TASK TO COMPLETE. Below are the entries to work from; restate word for word the portion that opens with the line containing "はい、その理解で大丈夫です。" and closes with the line containing "彩墨插画,不同的画材叠加使用呈现出丰富多彩的变化,让作品的变现力更强。", keeping both.

SOURCE DATA.
● ● ● ●

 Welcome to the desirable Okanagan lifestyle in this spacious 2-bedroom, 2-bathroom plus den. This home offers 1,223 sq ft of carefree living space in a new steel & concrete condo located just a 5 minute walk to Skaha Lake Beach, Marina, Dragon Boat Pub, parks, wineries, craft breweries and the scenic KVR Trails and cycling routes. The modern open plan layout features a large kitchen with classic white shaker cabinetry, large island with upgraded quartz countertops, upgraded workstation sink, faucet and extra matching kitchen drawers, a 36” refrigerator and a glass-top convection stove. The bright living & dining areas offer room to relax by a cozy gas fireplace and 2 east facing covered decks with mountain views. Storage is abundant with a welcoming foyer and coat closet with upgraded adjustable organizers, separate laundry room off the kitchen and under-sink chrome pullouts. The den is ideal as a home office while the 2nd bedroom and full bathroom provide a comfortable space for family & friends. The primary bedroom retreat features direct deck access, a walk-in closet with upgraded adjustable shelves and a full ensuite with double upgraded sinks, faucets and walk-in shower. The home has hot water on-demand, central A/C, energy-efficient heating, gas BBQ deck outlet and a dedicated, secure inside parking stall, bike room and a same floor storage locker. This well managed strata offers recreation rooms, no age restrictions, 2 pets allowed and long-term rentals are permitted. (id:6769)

● ● ● ●

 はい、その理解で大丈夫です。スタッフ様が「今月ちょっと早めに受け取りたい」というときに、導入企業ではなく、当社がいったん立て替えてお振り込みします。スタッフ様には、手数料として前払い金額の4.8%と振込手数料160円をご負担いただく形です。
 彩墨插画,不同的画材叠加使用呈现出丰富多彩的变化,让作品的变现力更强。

● ● ● ●

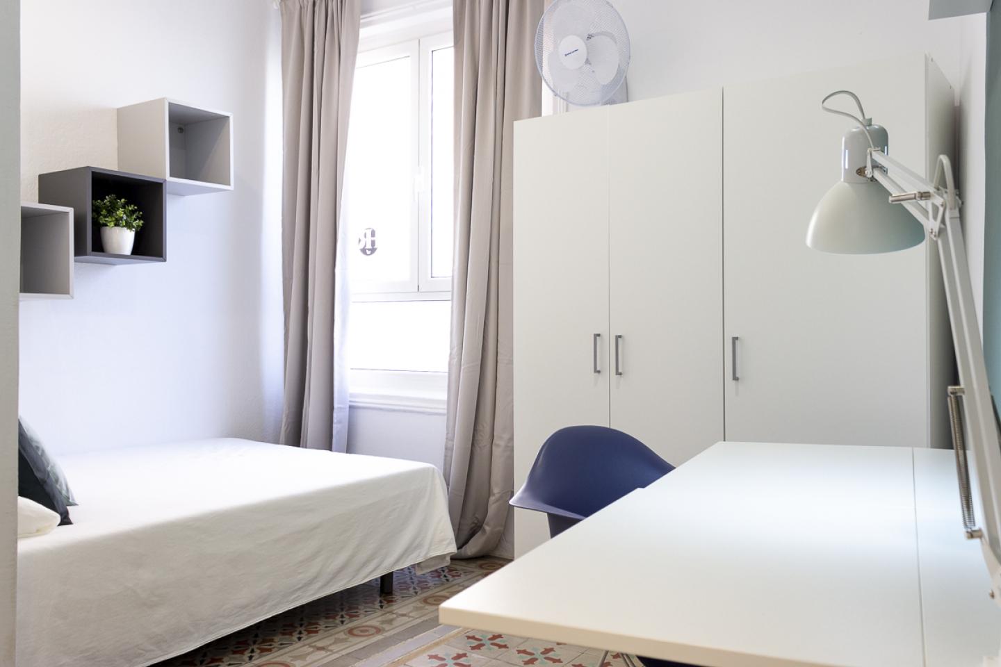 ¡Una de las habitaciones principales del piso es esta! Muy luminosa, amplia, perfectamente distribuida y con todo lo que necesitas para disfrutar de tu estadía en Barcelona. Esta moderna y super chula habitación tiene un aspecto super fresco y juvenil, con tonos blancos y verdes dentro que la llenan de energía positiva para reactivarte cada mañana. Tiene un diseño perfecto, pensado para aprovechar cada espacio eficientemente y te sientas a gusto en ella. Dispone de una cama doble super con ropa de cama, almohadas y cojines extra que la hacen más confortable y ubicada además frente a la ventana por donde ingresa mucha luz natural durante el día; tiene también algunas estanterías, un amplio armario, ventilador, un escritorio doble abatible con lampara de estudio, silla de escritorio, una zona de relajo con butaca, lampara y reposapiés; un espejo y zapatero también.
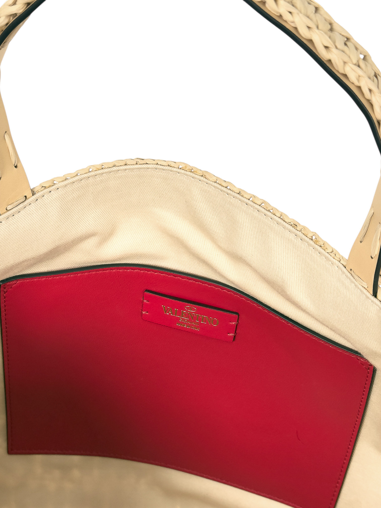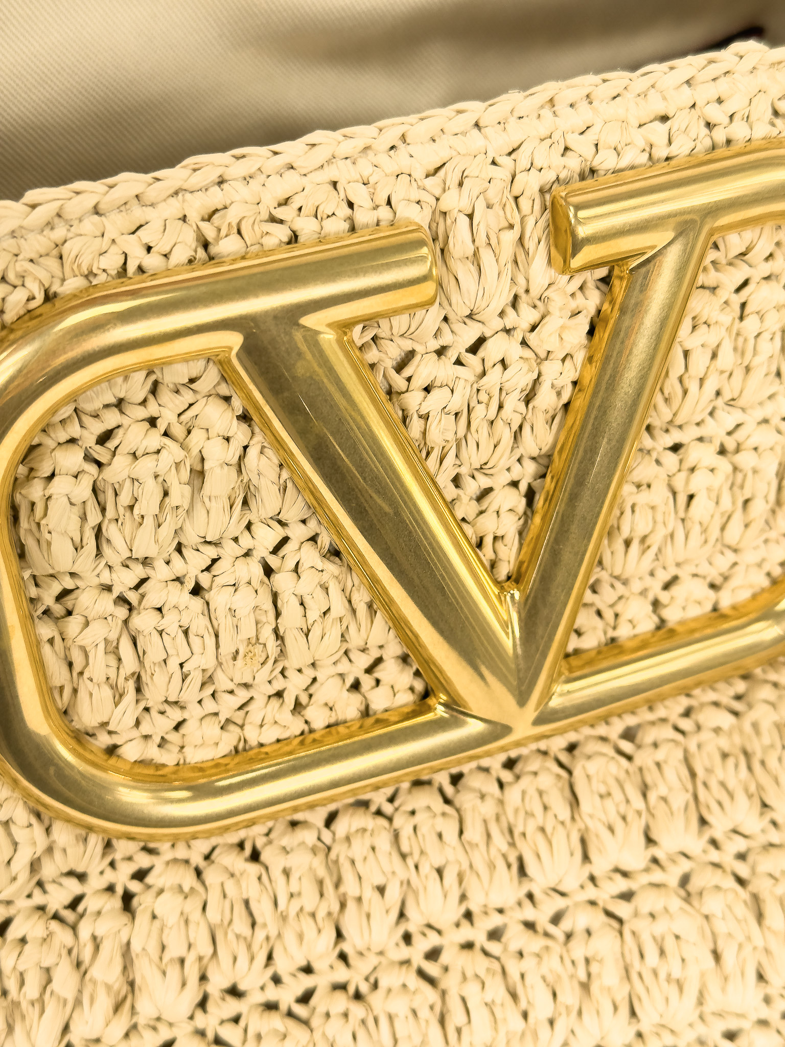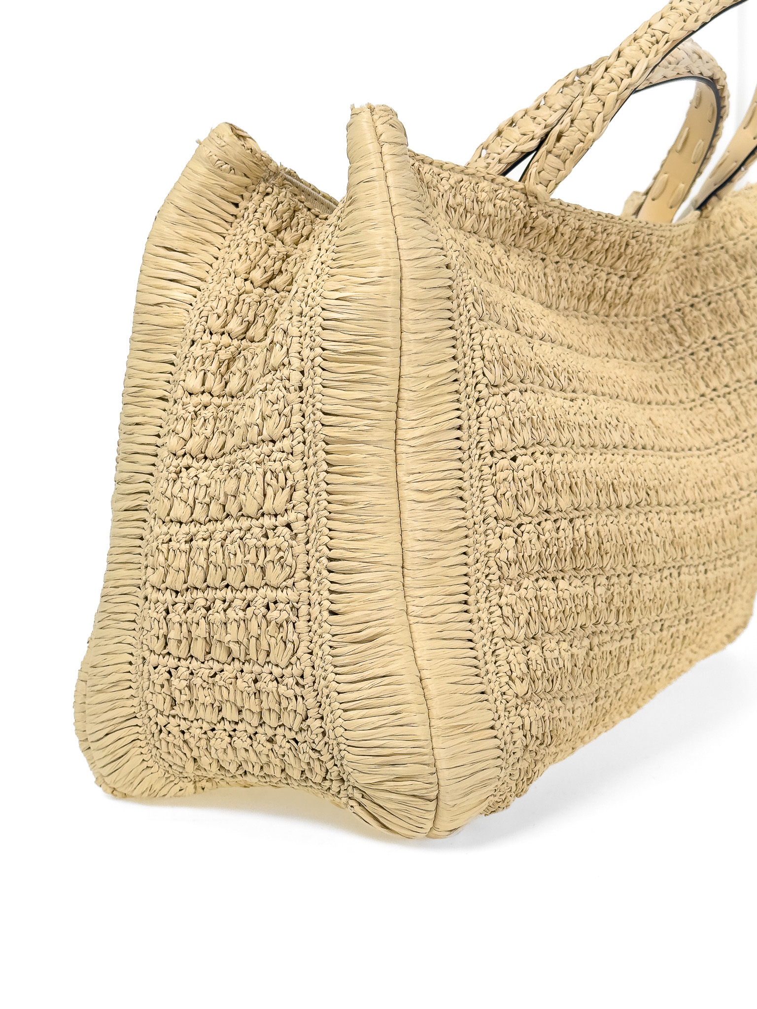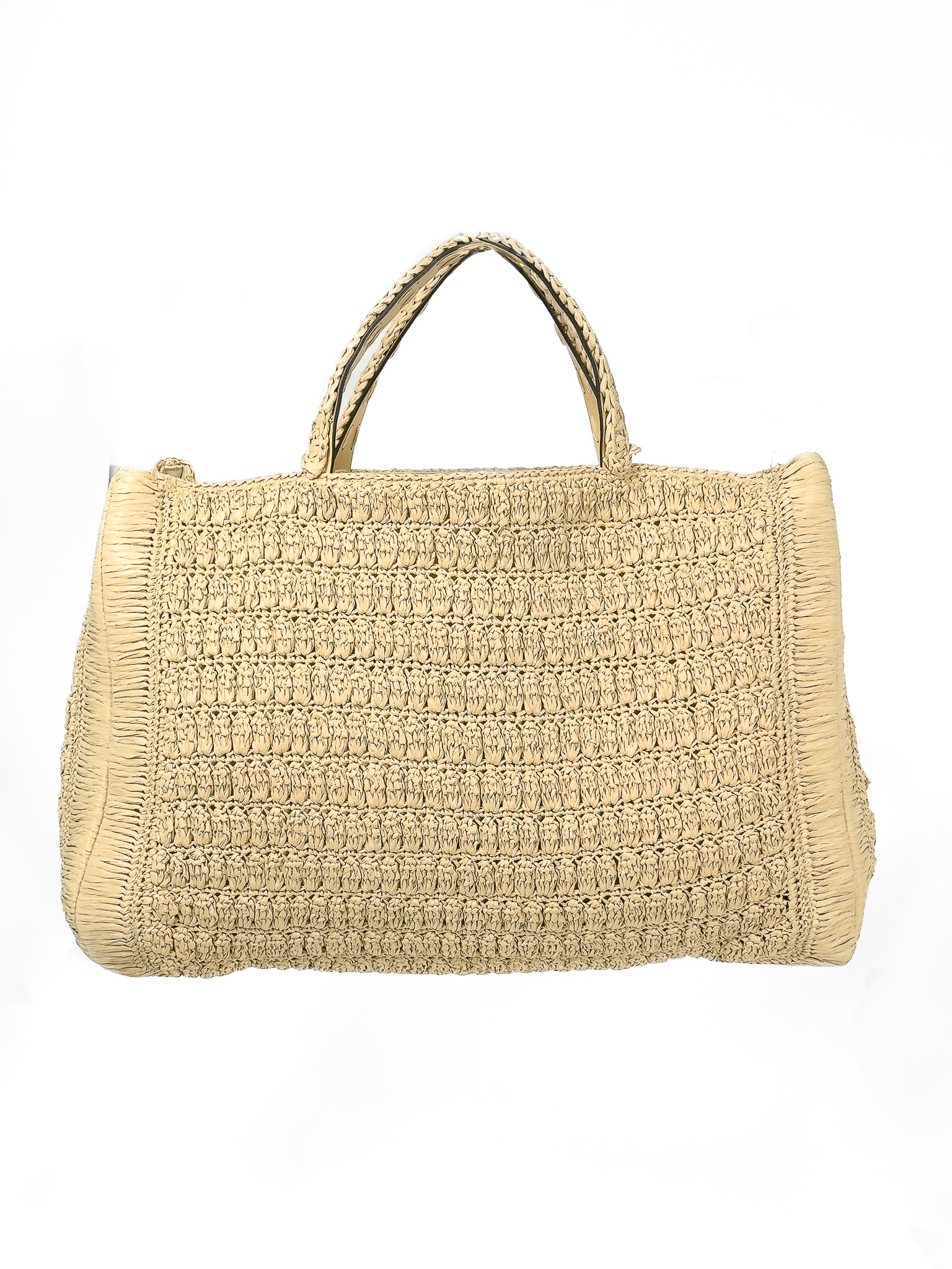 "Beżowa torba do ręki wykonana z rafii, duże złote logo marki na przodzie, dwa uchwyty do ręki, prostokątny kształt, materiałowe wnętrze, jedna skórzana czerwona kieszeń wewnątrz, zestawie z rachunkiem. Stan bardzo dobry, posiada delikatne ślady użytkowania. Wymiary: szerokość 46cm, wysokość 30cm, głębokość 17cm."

● ● ● ●

EXERCISE OUTPUT.
 はい、その理解で大丈夫です。スタッフ様が「今月ちょっと早めに受け取りたい」というときに、導入企業ではなく、当社がいったん立て替えてお振り込みします。スタッフ様には、手数料として前払い金額の4.8%と振込手数料160円をご負担いただく形です。
 彩墨插画,不同的画材叠加使用呈现出丰富多彩的变化,让作品的变现力更强。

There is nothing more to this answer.